You don't have time to look at line 34. Aggregate numbers (percentages) are of some use. If, for example, you measure the coverage of the whole test suite and discover that no lines of code from the entire subdirectory /src/yp have ever been executed, maybe you should think about adding some simple tests for that code. (I speak from bitter experience. Not mine - that of my once-officemate's.)
Or, if you look at the percent of coverage achieved for various source files, you may want to pay extra attention to files that have relatively low coverage. So, if most of the code in the product has 50% branch coverage, but absolutely-critical-code.c has only 10%, you might start asking what that code does and how to test it. But if the file that has 10% coverage is debugging-code-only.c, you're more likely to be happy with low coverage.
If this is the way you're using coverage, you might not want to bother with something like branch coverage. You're not using the detail. You might be happier just measuring which routines have not been entered.
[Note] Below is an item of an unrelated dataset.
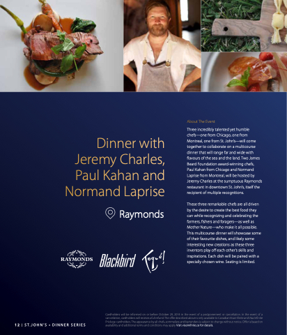 from Montreal will be hosted by Jeremy Charles at the sumptuous Raymonds restaurant in downtown St John’s itself the recipient of multiple recognitions These three remarkable chefs are all driven by the the the desire to create the the the best food they can while recognizing and
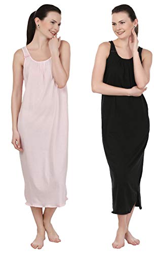 BLAZON Women's Cotton Nighty Slip - Set of 2 (Baby Pink & Black)

That makes it easy to interact with the programmers in the following way:
"I notice that file absolutely-critical-code.c hasn't been exercised much. Would you tell me what I need to know to write some tests? In particular, what do these unexercised routines do? - mumble_froz(), frobulate(), bogosify()..."
Another advantage of measuring routine entry coverage is that it doesn't slow the program down as much as other types. It also takes up less space in the running program. Given a competently implemented coverage tool, that shouldn't matter much (if at all) for most applications.
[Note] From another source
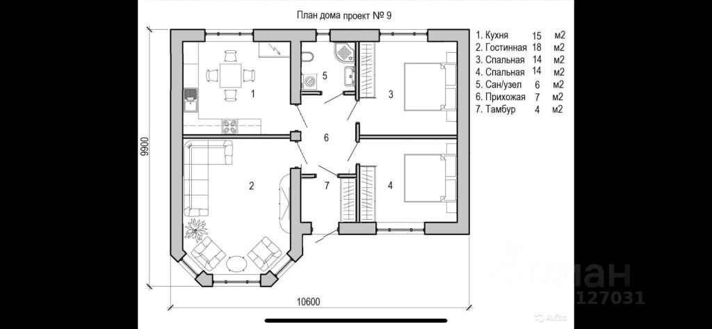 Просторная кухня-гостиная с выходом на двор, 2 спальни, совмещенный санузел.

There are other types of code coverage. Some of them languish in well-deserved obscurity. Others would be useful, but aren't supported in coverage tools available to you. If your goal is to learn how to use coverage well, I'd much rather you got a tool and experimented with these four types than spend time now learning about additional types.
If you're an independent tester, you'd probably like a coverage tool to have routine entry coverage or some other type of coverage that reports in "chunks" bigger than a line. The most important thing is that the tool's reports be easy for programmers to understand. They should be able to flip through a report and say, "Aha... This missed coverage here means you must be missing tests that do X."
If you're shopping for a coverage tool that programmers are going to use, the first task may be to decipher the vendor's terminology. What the heck do they mean by "segment coverage" or "path coverage" or "basic block coverage"? Remember: it's not your job to decipher. It's theirs. Send mail to sales@covtoolvendor.com, give them this URL, and ask them to fit their tool's coverage into the first three categories.
After that, which type should you choose? Programmers seem to find line coverage tools easiest to understand. Condition coverage tools are more powerful. I lean toward the latter, but I frankly think that issues like the tool's documentation, support, flexibility, reliability and so on are more important than the type of coverage it implements.
There's a site devoted to coverage tools: http://www.codecoveragetools.com/.
Coverage tools are often misused. I wrote a paper about that: "How to misuse code coverage".
Cem Kaner's "Software negligence and testing coverage" talks about the relationship between responsible testing and coverage. It also highlights the fact that "coverage" is an idea that can be applied to more than code structure.
When I use coverage as a programmer, it occupies maybe 2% of my total coding, testing, and debugging effort. My paper "Experience with the cost of different coverage goals for testing" talks about cost and describes how I approach the use of coverage.
The "GCT Tutorial" is a decent example of the use of a coverage tool on a small program.